----- RECORDS FOR THIS TASK

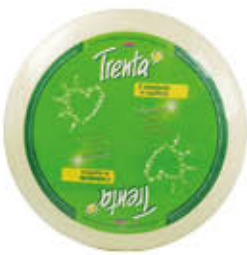
WESTLAND TRENTE SPECIALITÀ SV AL KG
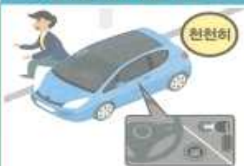
운전을 하고 있을 경우

비상등을 켜고 서서히 속도를 줄여 도로 오른쪽에 차를 세우고, 라디오의 정보를 잘 들으면서 키를 꽂아 두고 대피합니다.
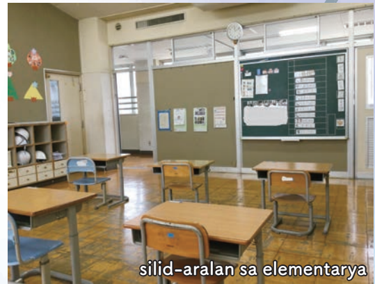
silid-aralan sa elementarya

Noong ako ay nasa nursery school, gusto kong ipagpatuloy ang paglalaro ng aking mga paboritong laruan, kaya hindi ko maitabi ang mga ito kahit na oras na para sa meeting sa umaga, at kung minsan ay nanggagalaito ako. Noong makapasok sa special support school, unti-unti kong natutupad ang aking mga pangako sa aking mga guro, Nagiging excited na ako sa aking mga paboritong laruan at aktibidad, at nakikilahok na din sa mga meeting sa umaga. Excited na din akong kumustahin, tawagin ang mga pangalan ng aking mga kaibigan, at makipaglaro sa aking mga guro.
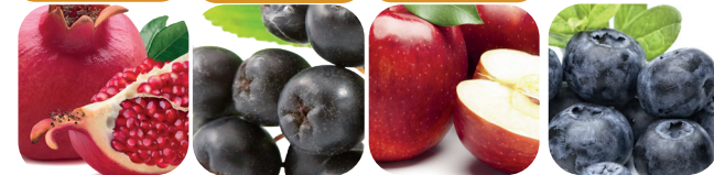
Granatäpple Aronia Äpple Blåbär
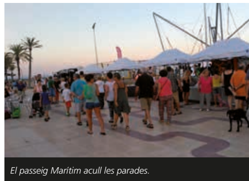
El passeig Marítim acull les parades.

risme, Comerç i Fires els distribuïran entre el passeig de la Mar Mediterrània i el passeig de la Marina. Durant el mes de juliol, la fira serà els divendres, dissabtes i diumenges i durant el mes d'agost, l'ocupació passarà a ser diària.
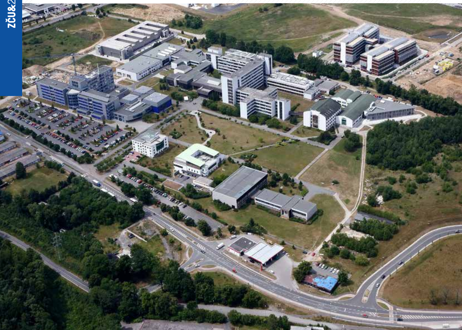
Pohled na univerzitní kampus z roku 2014.
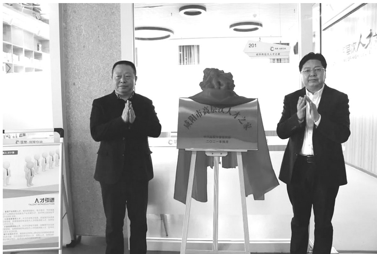
日前,咸阳市高层次人才之家在咸阳高新区揭牌。咸阳市将发挥好“人才之家”服务平台作用,优化人才发展环境,增强专家人才的荣誉感、自豪感和归属感,把咸阳打造成人才高地和人才强市,为咸阳市“增量提质、高点开局”提供人才和智力支撑。

“栽下梧桐树,引来金凤凰”。接下来,中关村丰台园将把优化营商环境作为政府促进产业集群发展的首要任务,不断强化服务意识,秉承“有求必应、无事不扰”的店小二精神,做好企业服务的加法和简化审批、减税降费的减法,预计到2022年将中关村丰台园建设成为全国领先的轨道交通产业创新中心。
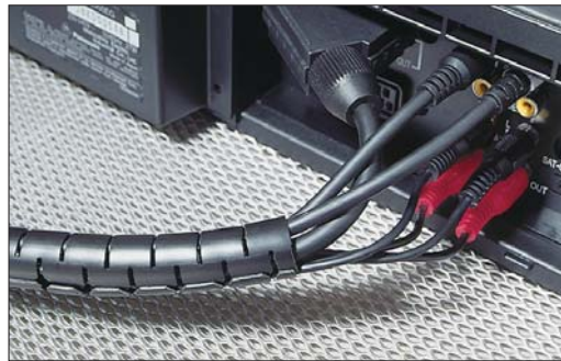
Helawrap védőcsövek és rögzítő elemek irodai és otthoni felhasználáshoz.

A praktikus 2 méter hosszú Helawrap HWPP ideális megoldás otthonra vagy az irodába, számítógép, televízió vagy Hi-Fi-rendszer kábeljeihez.
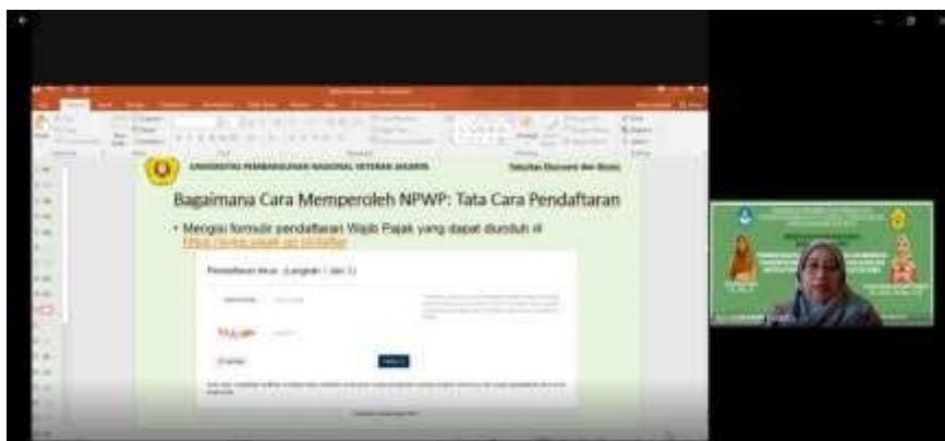
Gambar 5. Presentasi Materi oleh Ketua Tim Pengabdi

Tahapan Ketiga dari kegiatan pengabdian masyarakat ini adalah kegiatan inti, yaitu sosialisasi dan pelatihan perpajakan. Materi pelatihan yang diberikan antara lain mencakup (1) Sosialisasi Peraturan Pemerintah No. 23 tahun 2018 tentang tarif pajak sebesar 0,5% dan Peraturan Menteri Keuangan (PMK) nomor 44/PMK.03/2020 tentang insentif pajak di masa pandemic Covid-19 (2) Tata Cara Memperoleh NPWP dan Surat Keterangan Terdaftar atau SKT (3) Jenis Pajak yang harus dibayar oleh Pelaku UMKM (3) Tata Cara Penyetoran dan Pelaporan Pajak bagi UMKM.
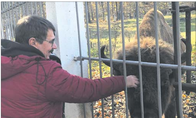
Животных в Тебердинском заповеднике можно погладить.
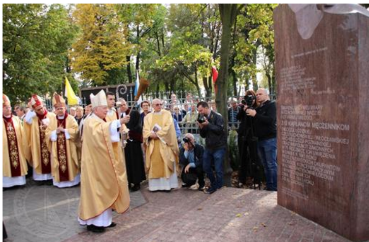
Abp. M. Jędraszewski – poświęcenie pomnika upamiętniającego księży męczenników więzionych przez Niemców w Konstancynie Łódzkim i zamordowanych w Dachau.

W liturgii, która była sprawowana pod przewodnictwem Metropolity Łódzkiego, wzięli udział księża arcybiskupi i biskupi z archidiecezji łódzkiej, częstochowskiej, poznańskiej i wrocławskiej oraz licznie zgromadzeni kapłani diecezjalni i zakonni, a także wierni
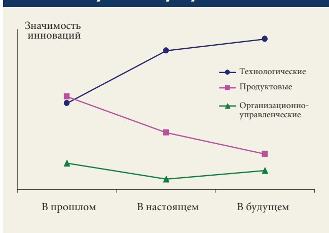
Рис. 2. Значимость различных видов инноваций для производителей интеллектуальных услуг в России: 2008
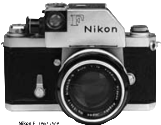
Nikon F 1960-1969

----------

● **WORK TASK**
Go through the data above and print exactly the lines from its first line through the line holding "Gambar 5. Presentasi", both included, leaving pictures aside.

● **SOLUTION FOR THIS EXERCISE**
WESTLAND TRENTE SPECIALITÀ SV AL KG
운전을 하고 있을 경우

비상등을 켜고 서서히 속도를 줄여 도로 오른쪽에 차를 세우고, 라디오의 정보를 잘 들으면서 키를 꽂아 두고 대피합니다.
silid-aralan sa elementarya

Noong ako ay nasa nursery school, gusto kong ipagpatuloy ang paglalaro ng aking mga paboritong laruan, kaya hindi ko maitabi ang mga ito kahit na oras na para sa meeting sa umaga, at kung minsan ay nanggagalaito ako. Noong makapasok sa special support school, unti-unti kong natutupad ang aking mga pangako sa aking mga guro, Nagiging excited na ako sa aking mga paboritong laruan at aktibidad, at nakikilahok na din sa mga meeting sa umaga. Excited na din akong kumustahin, tawagin ang mga pangalan ng aking mga kaibigan, at makipaglaro sa aking mga guro.
Granatäpple Aronia Äpple Blåbär
El passeig Marítim acull les parades.

risme, Comerç i Fires els distribuïran entre el passeig de la Mar Mediterrània i el passeig de la Marina. Durant el mes de juliol, la fira serà els divendres, dissabtes i diumenges i durant el mes d'agost, l'ocupació passarà a ser diària.
Pohled na univerzitní kampus z roku 2014.
日前,咸阳市高层次人才之家在咸阳高新区揭牌。咸阳市将发挥好“人才之家”服务平台作用,优化人才发展环境,增强专家人才的荣誉感、自豪感和归属感,把咸阳打造成人才高地和人才强市,为咸阳市“增量提质、高点开局”提供人才和智力支撑。

“栽下梧桐树,引来金凤凰”。接下来,中关村丰台园将把优化营商环境作为政府促进产业集群发展的首要任务,不断强化服务意识,秉承“有求必应、无事不扰”的店小二精神,做好企业服务的加法和简化审批、减税降费的减法,预计到2022年将中关村丰台园建设成为全国领先的轨道交通产业创新中心。
Helawrap védőcsövek és rögzítő elemek irodai és otthoni felhasználáshoz.

A praktikus 2 méter hosszú Helawrap HWPP ideális megoldás otthonra vagy az irodába, számítógép, televízió vagy Hi-Fi-rendszer kábeljeihez.
Gambar 5. Presentasi Materi oleh Ketua Tim Pengabdi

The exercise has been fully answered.